▸ TASK PROMPT
The copy must match the data word for word and contain no pictures.
(INFORMATION PROVIDED begins)
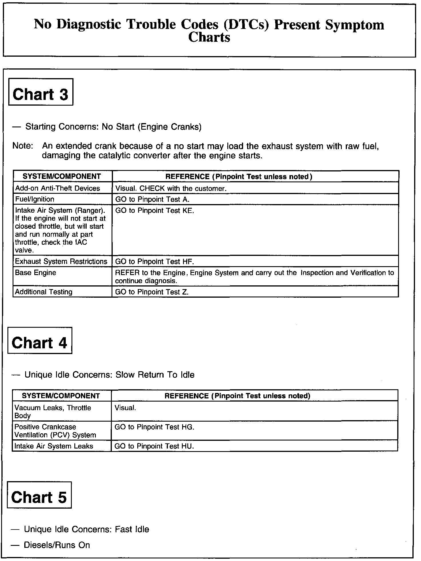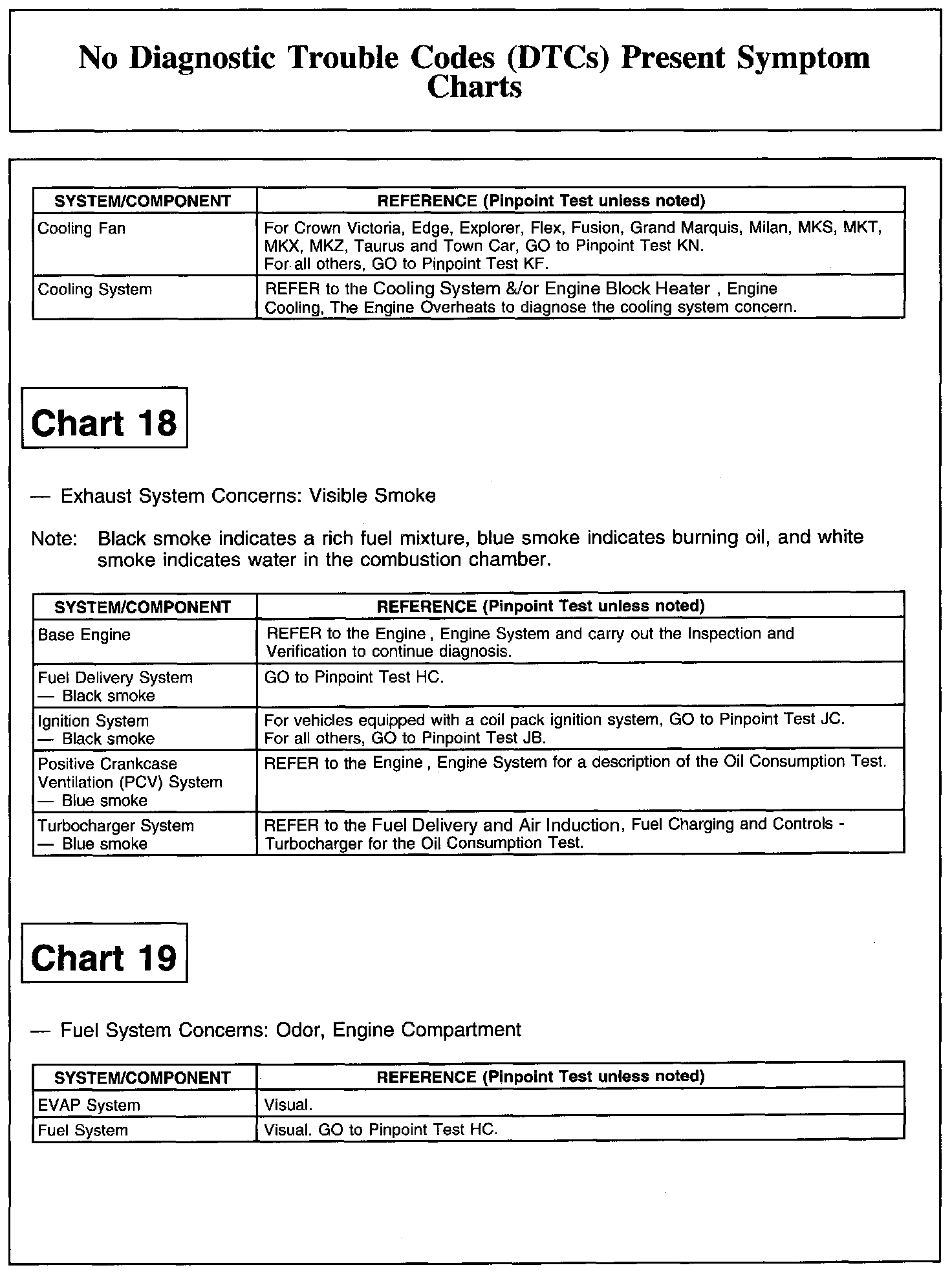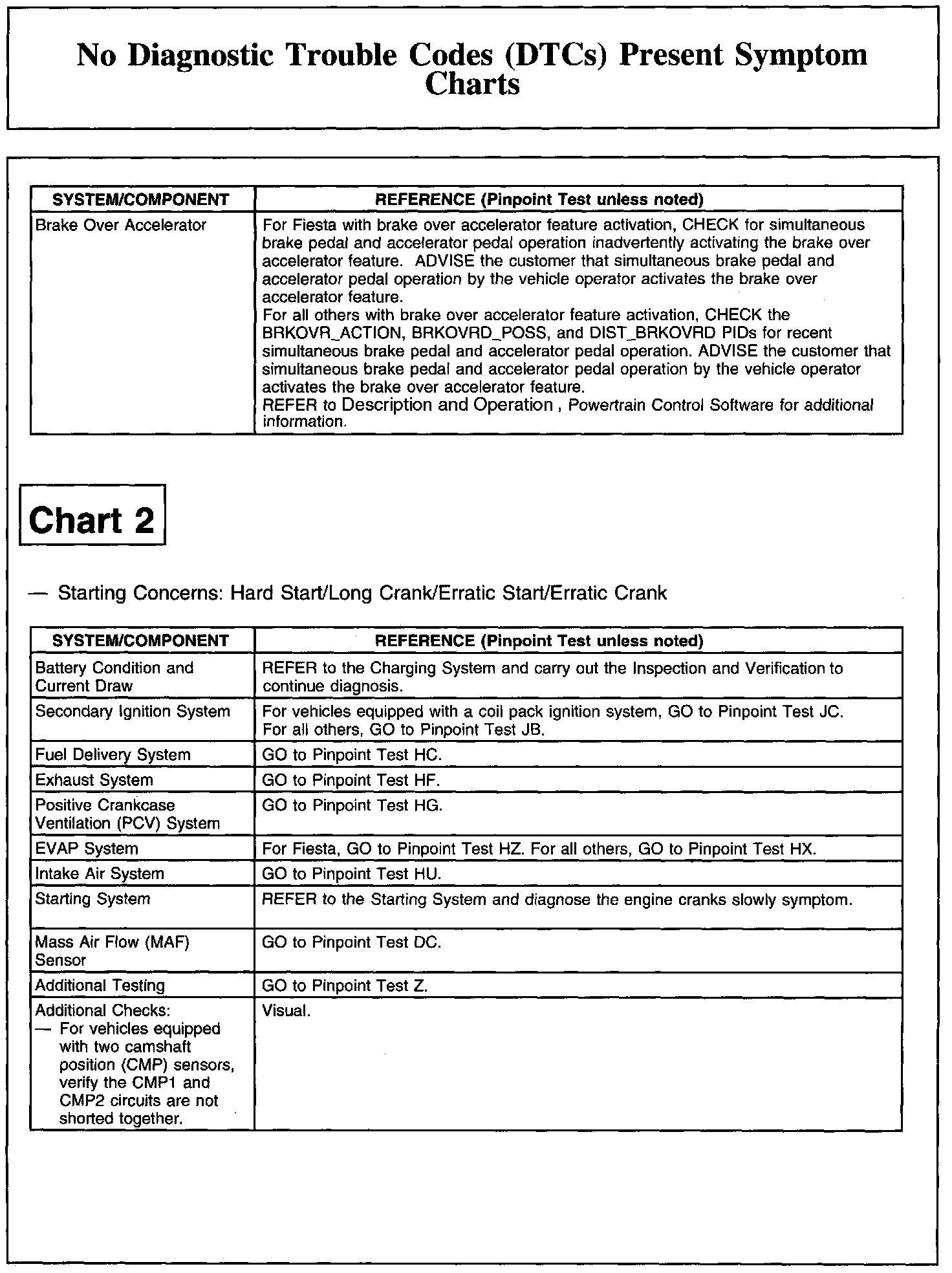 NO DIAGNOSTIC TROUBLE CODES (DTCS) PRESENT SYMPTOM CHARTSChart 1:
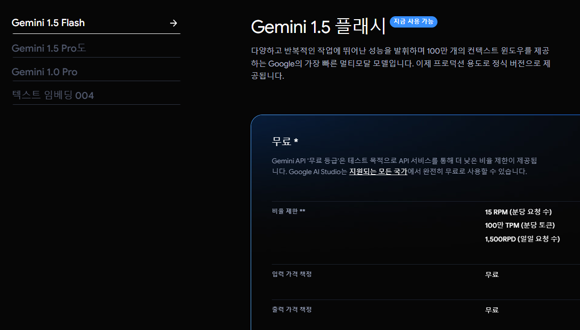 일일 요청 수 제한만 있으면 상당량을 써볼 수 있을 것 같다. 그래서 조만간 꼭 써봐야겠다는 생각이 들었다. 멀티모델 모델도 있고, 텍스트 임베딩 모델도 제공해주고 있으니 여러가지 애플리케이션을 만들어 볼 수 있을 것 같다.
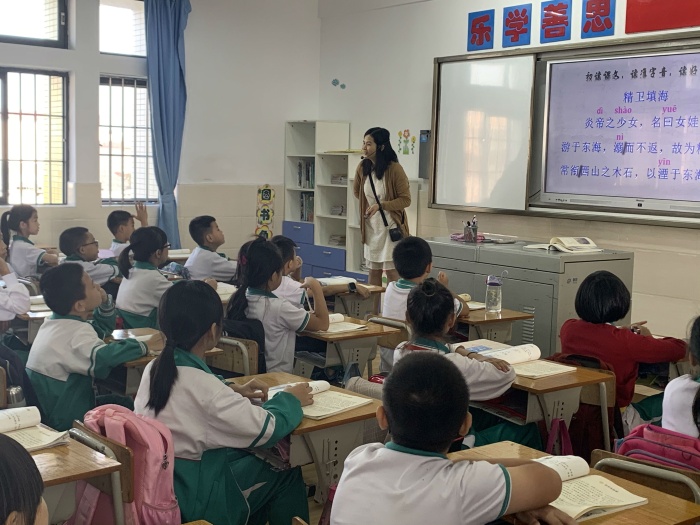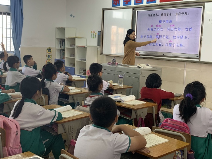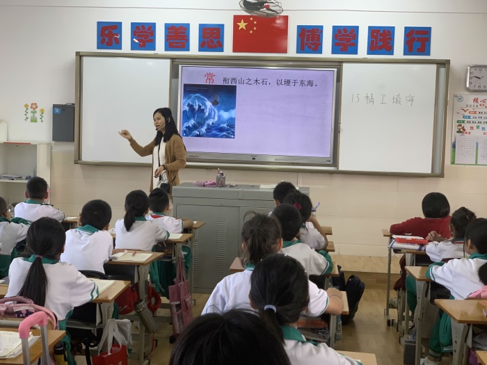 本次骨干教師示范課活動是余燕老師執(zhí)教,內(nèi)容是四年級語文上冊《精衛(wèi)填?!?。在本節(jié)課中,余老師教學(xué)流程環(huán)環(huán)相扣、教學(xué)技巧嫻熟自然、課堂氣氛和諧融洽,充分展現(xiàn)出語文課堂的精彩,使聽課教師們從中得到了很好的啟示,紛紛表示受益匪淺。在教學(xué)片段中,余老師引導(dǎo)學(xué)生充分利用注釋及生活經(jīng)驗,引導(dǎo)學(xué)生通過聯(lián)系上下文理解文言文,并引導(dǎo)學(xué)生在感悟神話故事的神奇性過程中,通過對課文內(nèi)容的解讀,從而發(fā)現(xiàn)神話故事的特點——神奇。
(INFORMATION PROVIDED ends)
▸ YOUR SOLUTION
 NO DIAGNOSTIC TROUBLE CODES (DTCS) PRESENT SYMPTOM CHARTSChart 1:
 일일 요청 수 제한만 있으면 상당량을 써볼 수 있을 것 같다. 그래서 조만간 꼭 써봐야겠다는 생각이 들었다. 멀티모델 모델도 있고, 텍스트 임베딩 모델도 제공해주고 있으니 여러가지 애플리케이션을 만들어 볼 수 있을 것 같다.
 本次骨干教師示范課活動是余燕老師執(zhí)教,內(nèi)容是四年級語文上冊《精衛(wèi)填?!?。在本節(jié)課中,余老師教學(xué)流程環(huán)環(huán)相扣、教學(xué)技巧嫻熟自然、課堂氣氛和諧融洽,充分展現(xiàn)出語文課堂的精彩,使聽課教師們從中得到了很好的啟示,紛紛表示受益匪淺。在教學(xué)片段中,余老師引導(dǎo)學(xué)生充分利用注釋及生活經(jīng)驗,引導(dǎo)學(xué)生通過聯(lián)系上下文理解文言文,并引導(dǎo)學(xué)生在感悟神話故事的神奇性過程中,通過對課文內(nèi)容的解讀,從而發(fā)現(xiàn)神話故事的特點——神奇。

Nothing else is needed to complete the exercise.